The perception of labor varies widely from one person to the next. Your personal beliefs, life experiences, personal goals, and expectations for yourself, all combine to create your version of what labor is, or will be. Pain is perception.
Quite often our clients will ask us questions about what to expect during labor.
How will I know when it’s time to go to the hospital?
Will I have practice contractions so I know what it will feel like?
What is a Braxton Hicks contraction?
How is a Braxton Hicks contraction different than a real contraction?
The truth is that all of these feelings vary depending on the person experiencing them. There is no one right or wrong answer or way to experience labor.
The number one thing I always tell my clients in prenatals and during Childbirth Education classes is “your intuition trumps everything.” While I have attended many births, and seen many different experiences unfold, YOU are the expert on YOUR labor and birth. If you are laboring at home, there are signs that, as a doula, I watch for. There are things that will prompt me to ask you questions about how you’re feeling and coping with labor.
Sometimes I will gently suggest that it may be time to go to the hospital, or time to call the midwife. More often than not, it is my client, empowered by the experience, and tuned in to their baby who makes the call. I will not argue with you or try to convince you to wait longer. I will not justify in my head that it doesn’t look that way to me. When you say go, we go. Period. The end.
Most people do get “practice” contractions, Braxton Hicks contractions or prodromal labor before labor actually begins, some do not. All of these things are a variation of normal. Braxton Hicks contractions cause a tightening of the uterus, that does not make changes to the cervix. They come on randomly, and can sometimes even be consistent for a little while. Most people describe them as being more uncomfortable than painful.
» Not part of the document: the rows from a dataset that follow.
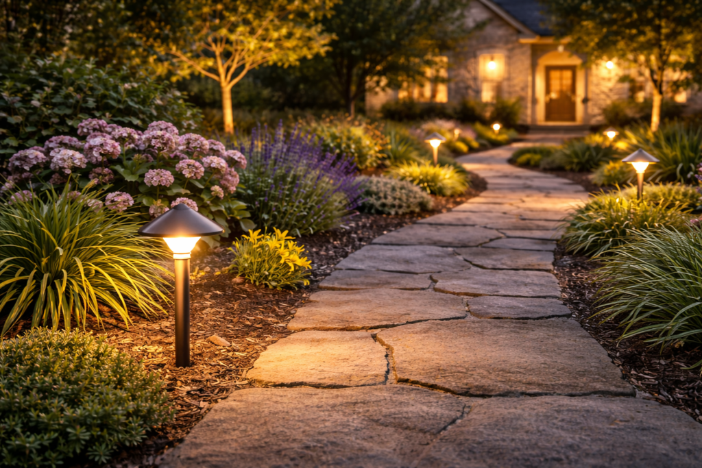 Illuminate walkways, garden beds, and landscape features with warm, inviting light. Solar and low-voltage options.
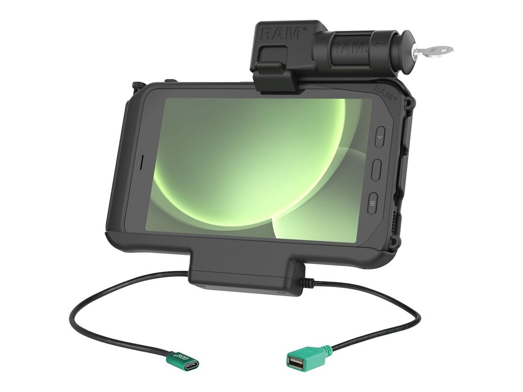 The RAM EZ-Roll'r charging cradle is an essential power dock for tablets, providing a reliable and efficient charging solution. Constructed from high-strength composite material, this cradle features a key locking mechanism for enhanced security, ensuring that the tablet remains securely in place while charging. With dual input connector options, including a 4-pin USB Type-A and a 24-pin USB-C, this cradle allows for versatile connection choices to suit various devices.
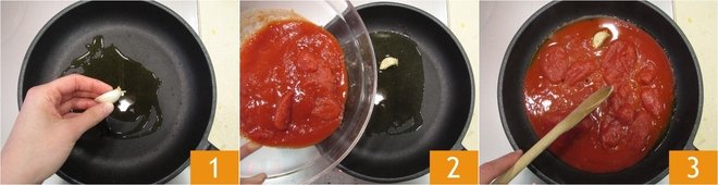 To make the paccheri with 3 tomatoes, start by sautéing a clove of garlic in its skin in a pan with a drizzle of oil 1, then add the San Marzano tomatoes 2 and simmer for a few minutes 3.
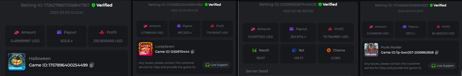 6. -- Just to keep track -- Wild Bounty Showdown - 945.7x Candy Bonanza - 102.4x Leprechaun Riches - 98.75x Spirited Wonders - 68.35x Butterfly Blossom - 135.44x Supermarket Spree - 152.25x Wild Bandito - 207.2x Destiny of Sun and Moon - 111.4x Prosperity Fortune Tree - 210.15x Legendary Monkey King - 84.6x -- -- -- -- -- -- -- -- -- -- -- -- https://bc.game/#/sd/111MI4BCN45A8J https://bc.game/#/sd/1118N98VQ6YOLV https://bc.game/#/sd/111FLN8H2KMUXF https://bc.game/#/sd/1117ZLODNLU13N https://bc.game/#/sd/111ASNM3GZTLOZ https://bc.game/#/sd/111E79UVO7INMB https://bc.game/#/sd/111D534T8YKE1F https://bc.game/#/sd/111ECYHMTQN09F https://bc.game/#/sd/111LTQM7BZ1TEB https://bc.game/#/sd/111D33QIXPOU1F BOUNTY
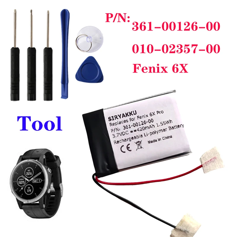 BXX Batterie de rechange pour Garin 361-00034-02, Fenix 3, Fenix 3 HR... Modèles compatibles : Garmin Fenix 6X, 010-02357-00, Tactix Delta, numéro de pièce : 361-00126-00 Type de batterie : batterie Li-ion polymère ; batterie sûre et fiable, certifiée par UL, CE, UN38., 3, RoHS 500 MAh Li-ion Batterie 361-00096-00 - Batterie Pour Garmin Fenix 5S 361-00096-00 - 22.23 Batterie Fenix 6X Numéro de pièce de batterie compatible : 361-00126-00 Attention : 1., Ne pas ouvrir la batterie., 2., Ne pas écraser, percer ou disposer dans le feu ou l'eau., 3., Ne pas exposer à 60 °C. Garmin Fenix 6s Akku 170mah Ersatz Akku 361-00126-00 Für Garmin Capacité : 500 mAh Tension nominale : 3,7 V Dimensions de l'emballage : 37,00 x 25,50 x 6,00 mm Poids : 10 g Température de fonctionnement : moins de 60 °C. Plus de 300 fois la durée de vie ; longue durée de vie
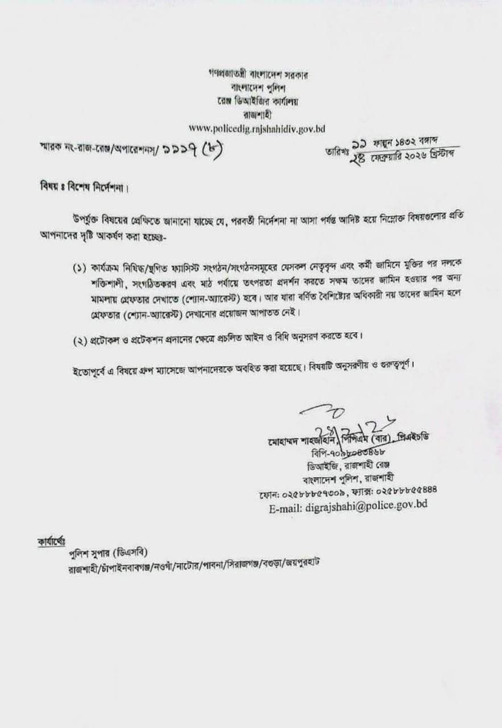 রাজশাহী রেঞ্জের আওতায় থাকা রাজশাহী, চাঁপাইনবাবগঞ্জ, নওগাঁ, নাটোর, পাবনা, সিরাজগঞ্জ, বগুড়া ও জয়পুরহাট—এই আট জেলার পুলিশ সুপারদের কাছে এই নির্দেশনা পাঠানো হয়েছে।
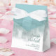 Ce ballotin mariage moderne "Merci" a une atmosphère chaleureuse et personnelle et présente un design d'aquarelle abstrait qui ressemble à des reflets sur l'eau. Cet exemple présente une palette de couleurs de dégradé allant de turquoise doux au vert profond de l'océan. Customisez avec les noms de la mariée et du marié et un message de remerciement personnel en utilisant le modèle fourni. Recherchez ID774 pour voir l'ensemble complet de correspondances et les options de couleurs supplémentaires.
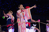 オオカミの咆哮が聞こえると、ステージのセンターで、ブルーのライトに照らされる、メンバーがたちが作り出す美しい“生命の木”。『Wolf』で、一気にEXOの神秘的な世界観に引き込むと、続けて、カイのダークで魅惑的なソロダンスパフォーマンスで魅了。そこから『Overdose』へと繋がれ、ヒット曲の連発に、スタジアムの興奮は加速した。

Prodromal labor is more like practice, because it feels the most like early labor. The contractions wrap all the way around, feel crampy like menstrual cramps, and can even cause dilation. Prodromal labor is early labor that tapers off and does not become active labor. It can last for several hours, for several days in a row and can require some emotional and verbal support. Again, whether you have no contractions at all until labor starts, or experience prodromal labor, your doula will be available to walk you through all of your options for coping techniques. You will not be alone.
Early labor generally begins slowly, with contractions settling into a pattern that can be timed. The contractions gradually get longer, stronger and closer together, building in intensity to become active labor, which brings baby into your arms.